● ASSIGNMENT
Apart from the pictures, reproduce the data below exactly as it stands.

● RECORDED DATA
Segment Open
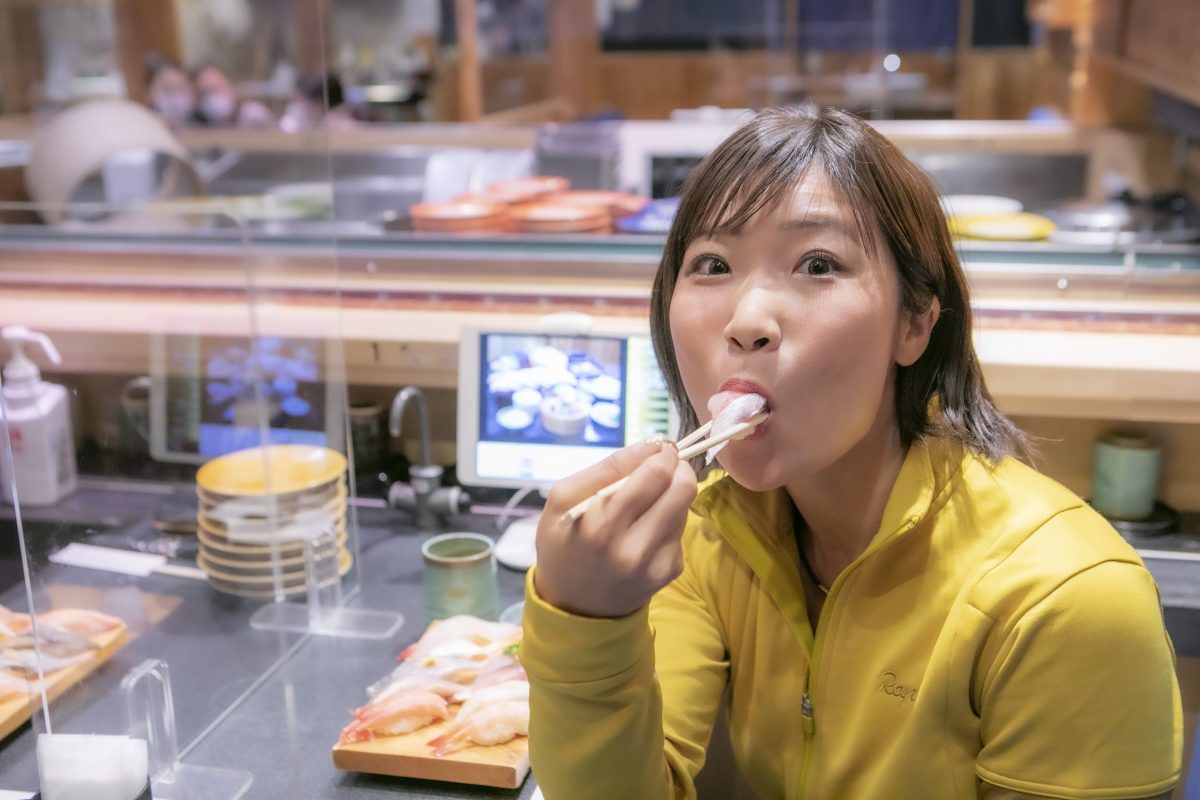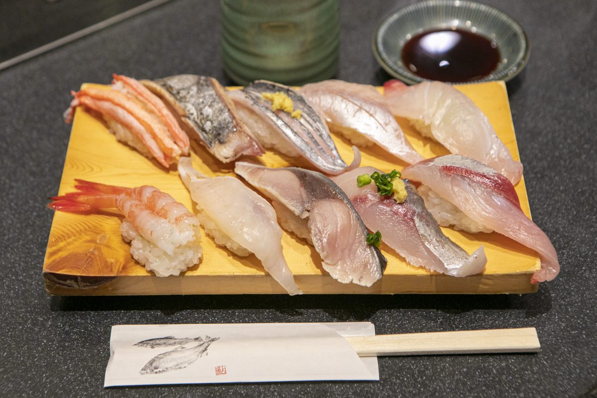 氷見漁港近くにある観光拠点。各種名物フードが楽しめるほか、足湯もサイクリストに人気。「廻鮮氷見前寿し」の「氷見前10貫盛り」はカマス、タチウオ、マダイ、甘エビ、フグなど「氷見前」てんこ盛りで1936円。
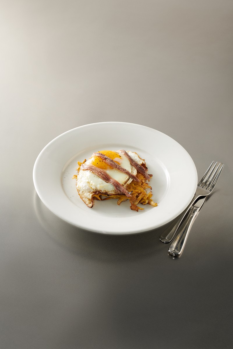 Place 1 warm rosti on each of 4 plates, then top each one with a fried egg and 3 anchovies. Finish with a grinding of black pepper.
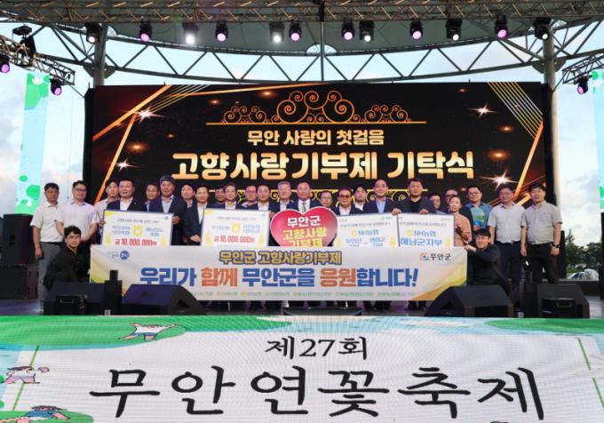 8°³ÀÇ ³óÃàÇùÀº ¿ÃÇØ ½ÃÇà 2³â Â÷¸¦ ¸ÂÀÌÇÑ ¹«¾È±º °íÇâ»ç¶û±âºÎÁ¦ÀÇ È°¼ºÈ¿Í Áö¿ª °£ Áö¼ÓÀûÀÎ »ó»ý¹ßÀüÀ» ±â¿øÇÏ¸ç ¸ñÆ÷¹«¾È½Å¾ÈÃàÇù°ú ÇØ³²ÁøµµÃàÇùÀÌ 1,000¸¸¿ø, ¹«¾È³óÇù°ú »ïÈ£³óÇù, ¼¿µ¾Ï³óÇùÀÌ °¢ 500¸¸¿ø¾¿ 1,000¸¸¿øÀ¸·Î ³óÃàÇù ÃÑ 2,000¸¸¿øÀÇ °íÇâ»ç¶û ±âʱÝÀ» ¹«¾È±ºÀ¸·Î Àü´ÞÇÏ¿´´Ù.
Segment Closed
● TASK OUTPUT
 氷見漁港近くにある観光拠点。各種名物フードが楽しめるほか、足湯もサイクリストに人気。「廻鮮氷見前寿し」の「氷見前10貫盛り」はカマス、タチウオ、マダイ、甘エビ、フグなど「氷見前」てんこ盛りで1936円。
 Place 1 warm rosti on each of 4 plates, then top each one with a fried egg and 3 anchovies. Finish with a grinding of black pepper.
 8°³ÀÇ ³óÃàÇùÀº ¿ÃÇØ ½ÃÇà 2³â Â÷¸¦ ¸ÂÀÌÇÑ ¹«¾È±º °íÇâ»ç¶û±âºÎÁ¦ÀÇ È°¼ºÈ¿Í Áö¿ª °£ Áö¼ÓÀûÀÎ »ó»ý¹ßÀüÀ» ±â¿øÇÏ¸ç ¸ñÆ÷¹«¾È½Å¾ÈÃàÇù°ú ÇØ³²ÁøµµÃàÇùÀÌ 1,000¸¸¿ø, ¹«¾È³óÇù°ú »ïÈ£³óÇù, ¼¿µ¾Ï³óÇùÀÌ °¢ 500¸¸¿ø¾¿ 1,000¸¸¿øÀ¸·Î ³óÃàÇù ÃÑ 2,000¸¸¿øÀÇ °íÇâ»ç¶û ±âʱÝÀ» ¹«¾È±ºÀ¸·Î Àü´ÞÇÏ¿´´Ù.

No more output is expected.